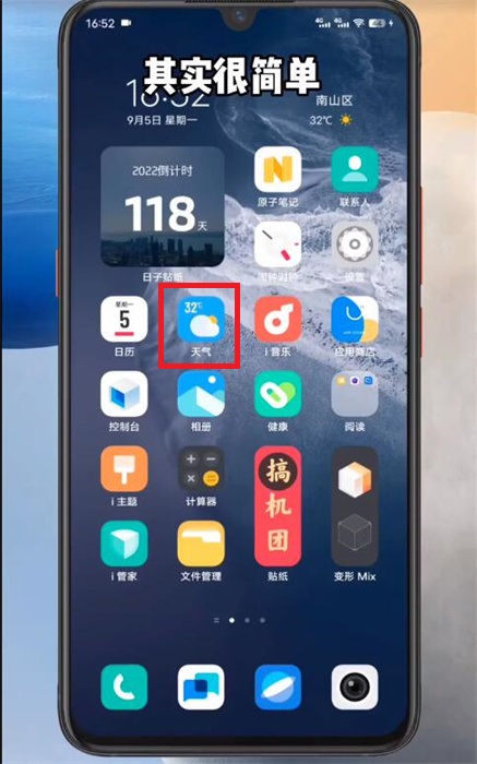 1、在我们的手机上,找到【天气】app,这个是我们手机自带的,打开进入到天气软件之中;
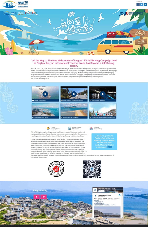 以一场美好治愈的夏日海岛蓝色探索活动为源头,整合平潭国际旅游岛品牌理念、活动信息、极具现场感染力的活动视频、与治愈系蓝色海岛大片,以复合化、内容化、立体化的多媒体新闻页形式,面向全球进行了平潭国际旅游岛的整体品牌形象联动塑造。
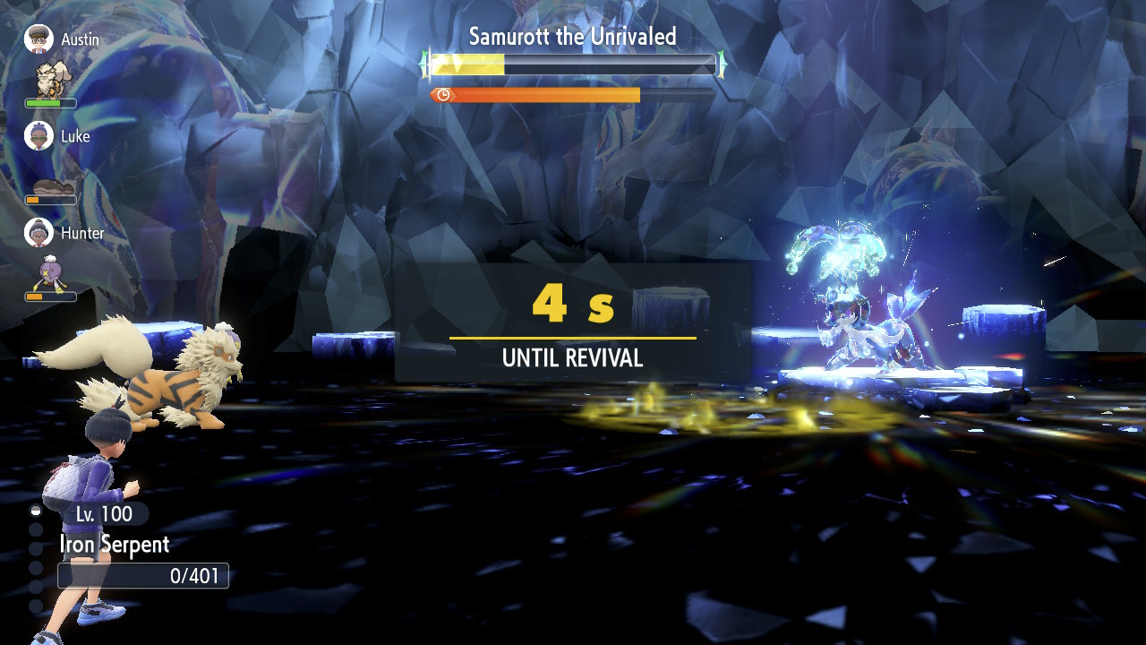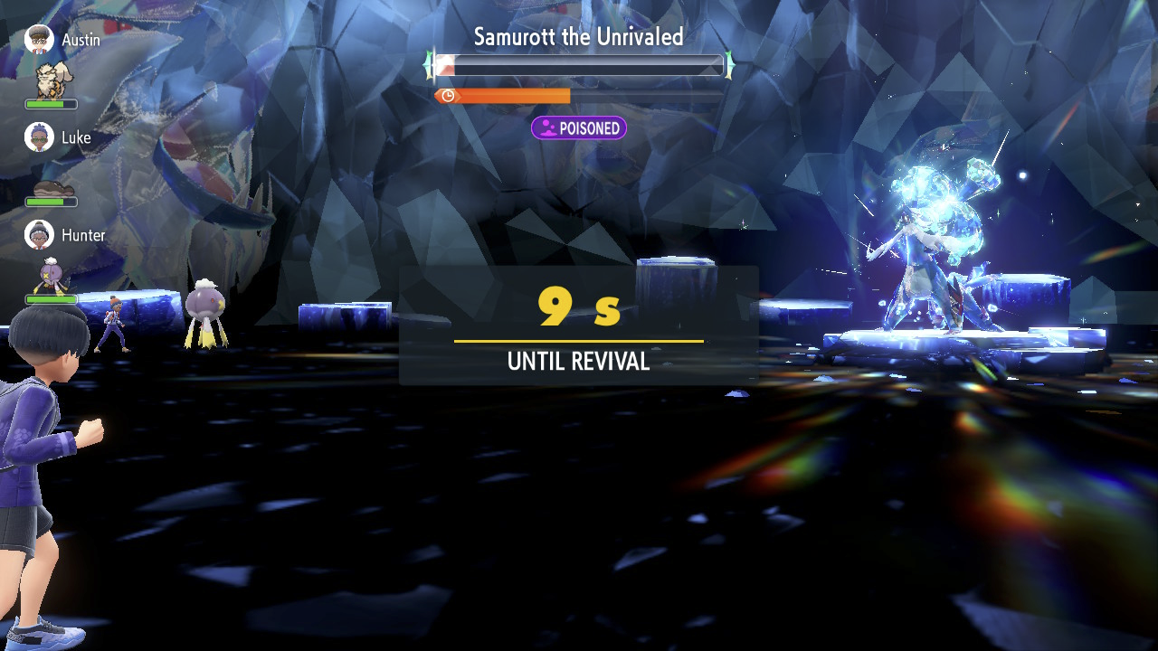 These players were great. The two supports seemed to debuff Samurott and then used Helping Hand for Tera Electric Bellibolt and me. I even botched the Throat Spray timing and we still cruised, also because the supports had timely heal cheers.
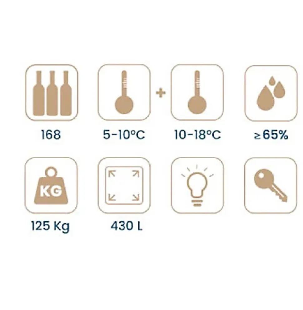 La cave à vin Vinobox 168 2 zones est une chambre de service pour de grandes quantités de vin en garde. Parfait pour les professionnels, de par sa grande capacité et sa fiabilité, et pour les grands amateurs de vin qui souhaitent conserver leurs vins dans les meilleures conditions. 59,5 cm de largeur sur 182cm de hauteur et 68cm de profondeur.
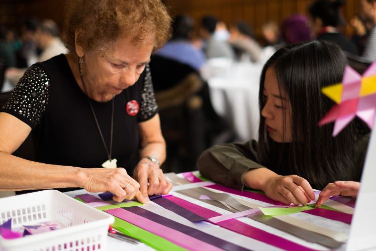 At one table, people used ribbons to make stars for the One Million Stars to End Violence community project. The stars will be shown at the Hart House Hub before they are shipped to Australia for the 2018 Gold Coast Commonwealth Games.
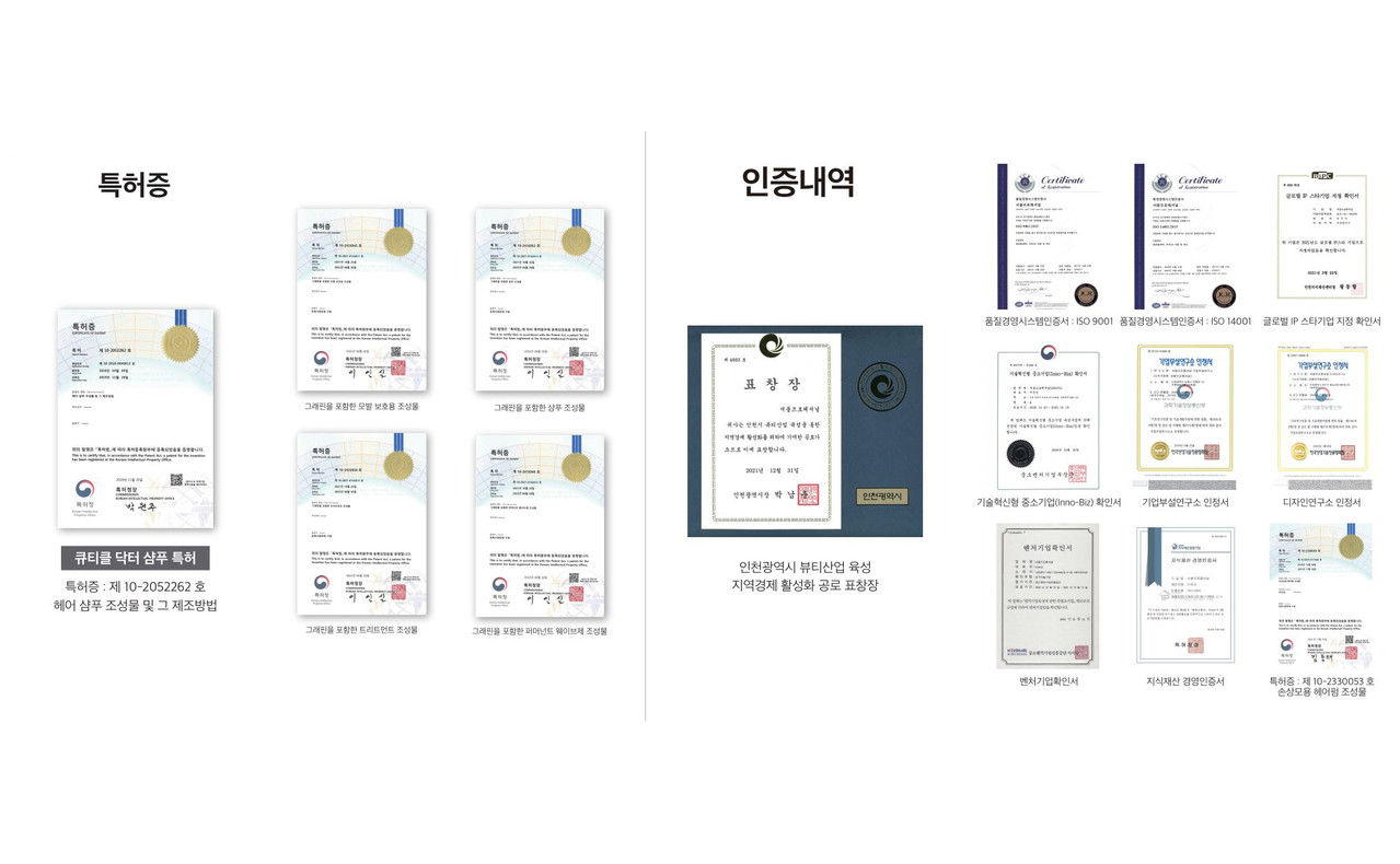 특허 및 수상내역·시험성적서
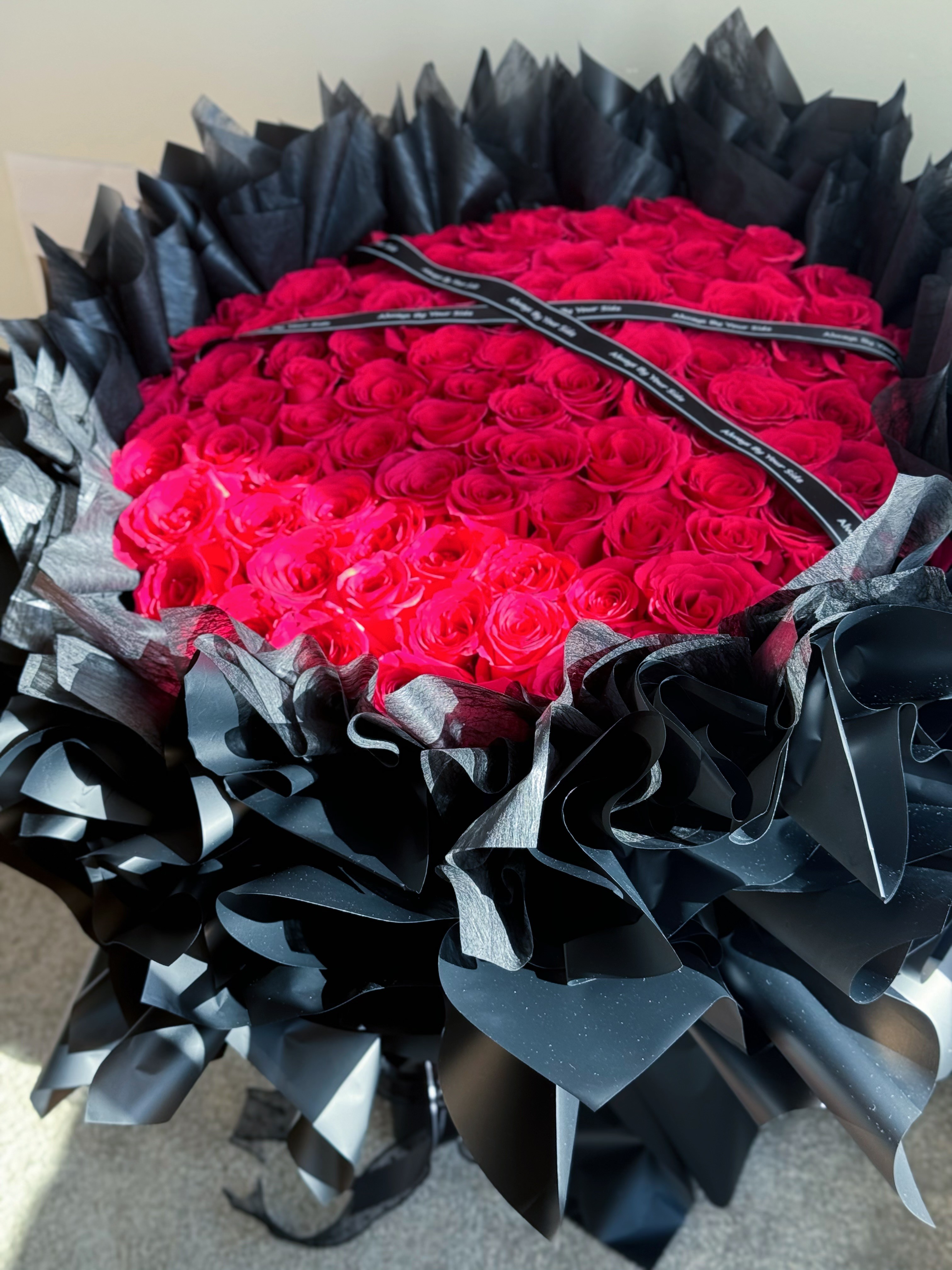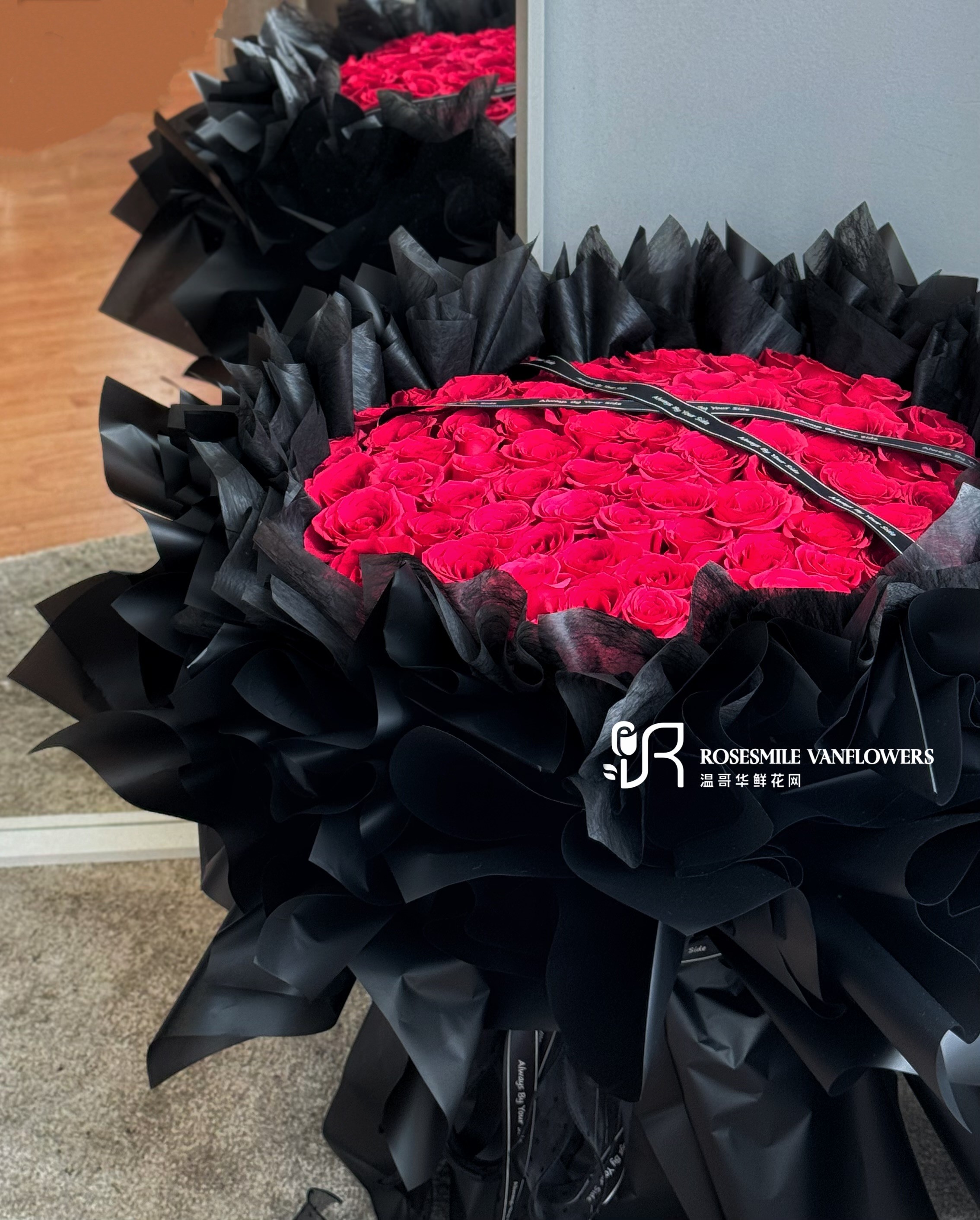 包装:圆形精包装花束,黑色巨型花束包装,配色蝴蝶结。(也可换您心仪的其他外包装颜色,协调配色包装)
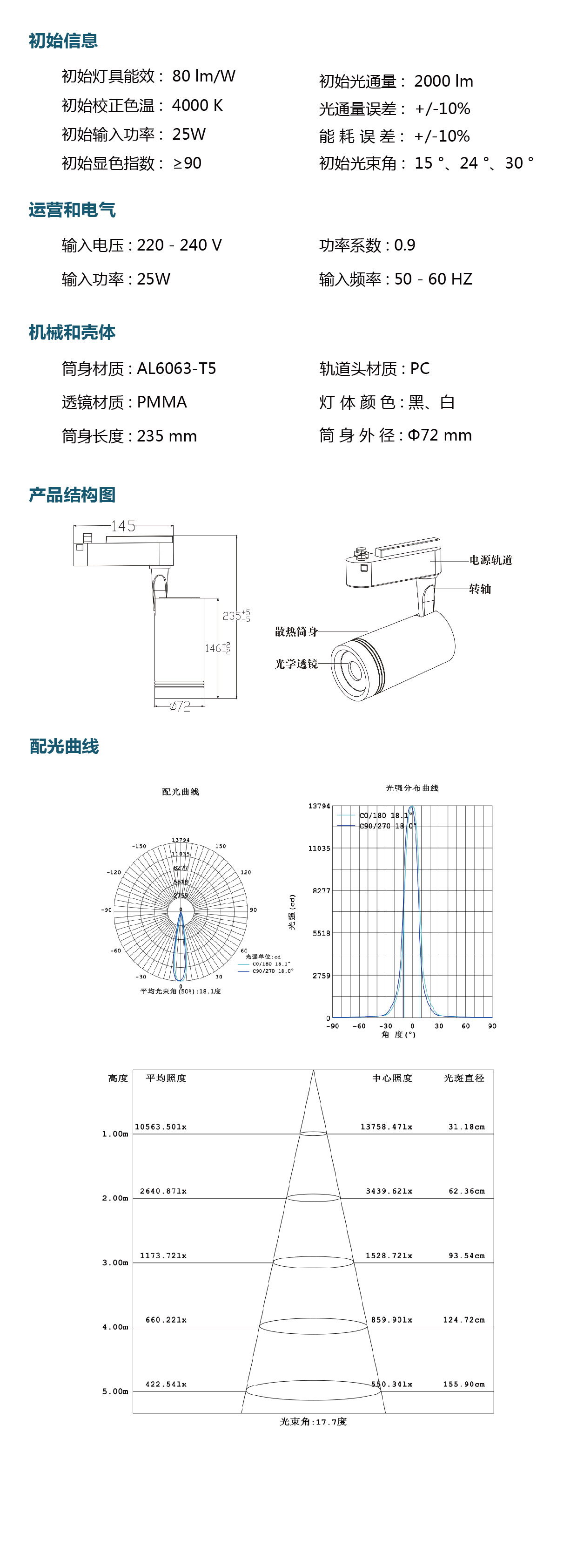 光 束 角: 15 °、24 °、30 °
● ● ● ●
Work to complete: All of the data, minus its pictures, should be repeated exactly.

Output:
 1、在我们的手机上,找到【天气】app,这个是我们手机自带的,打开进入到天气软件之中;
 以一场美好治愈的夏日海岛蓝色探索活动为源头,整合平潭国际旅游岛品牌理念、活动信息、极具现场感染力的活动视频、与治愈系蓝色海岛大片,以复合化、内容化、立体化的多媒体新闻页形式,面向全球进行了平潭国际旅游岛的整体品牌形象联动塑造。
 These players were great. The two supports seemed to debuff Samurott and then used Helping Hand for Tera Electric Bellibolt and me. I even botched the Throat Spray timing and we still cruised, also because the supports had timely heal cheers.
 La cave à vin Vinobox 168 2 zones est une chambre de service pour de grandes quantités de vin en garde. Parfait pour les professionnels, de par sa grande capacité et sa fiabilité, et pour les grands amateurs de vin qui souhaitent conserver leurs vins dans les meilleures conditions. 59,5 cm de largeur sur 182cm de hauteur et 68cm de profondeur.
 At one table, people used ribbons to make stars for the One Million Stars to End Violence community project. The stars will be shown at the Hart House Hub before they are shipped to Australia for the 2018 Gold Coast Commonwealth Games.
 특허 및 수상내역·시험성적서
 包装:圆形精包装花束,黑色巨型花束包装,配色蝴蝶结。(也可换您心仪的其他外包装颜色,协调配色包装)
 光 束 角: 15 °、24 °、30 °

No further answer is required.